Ash Ilkhani, Private Funds, New York
We are seeing increased activity in infrastructure focused funds in growth markets. Many sponsors in growth markets are steadily growing their fund sizes, and we are also seeing several large growth markets funds being raised by global managers, either as sidecars to their flagship fund or as standalone products. This is a trend we expect to continue, both because of the huge need for infrastructure investment in growth markets and because of the massive benefits and opportunities on offer for investors.
Monica Arora, Private Funds, New York
One of the major trends affecting infrastructure capital raising this year is sector specialization. As the industry has matured, we have seen specialist sub-sectors emerge, particularly in climate-related areas. This includes large, established managers adding to their flagship fund with specialist sector funds in areas like smart technology, the energy transition, and emerging markets funds; but it also includes emerging managers whose entire focus is on one of these sub-sectors. Some of the largest funds raised in the last 12 months have been dedicated to these themes.

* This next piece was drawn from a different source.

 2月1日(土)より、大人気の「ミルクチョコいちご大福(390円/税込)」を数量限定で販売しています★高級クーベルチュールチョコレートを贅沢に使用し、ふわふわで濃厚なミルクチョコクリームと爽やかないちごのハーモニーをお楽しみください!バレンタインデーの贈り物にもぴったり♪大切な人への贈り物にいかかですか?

This has been assisted by the continued availability of LP capital to invest in these sectors, notwithstanding the slowdown in capital raising elsewhere.

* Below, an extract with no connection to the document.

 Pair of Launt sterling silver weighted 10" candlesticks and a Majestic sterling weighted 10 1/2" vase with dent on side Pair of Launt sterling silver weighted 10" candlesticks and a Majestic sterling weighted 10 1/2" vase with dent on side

Peter Olds, Private Funds, London
Global megatrends such as energy transition and digital transformation are key driving forces behind much of the infrastructure M&A we are currently seeing. Despite macroeconomic challenges, clean energy assets and digital infrastructure (particularly data centers) are particularly attractive to sponsors and pension funds given attractive financial characteristics (e.g. longer-term contracts, largely predictable risk and consistent returns) and sector growth. The widely-held view that we are likely only at the beginning of the clean energy and digital infrastructure S-curves is also driving investor interest. Unsurprisingly, investors in this space are witnessing significantly increasing valuations and robust competition for high quality assets.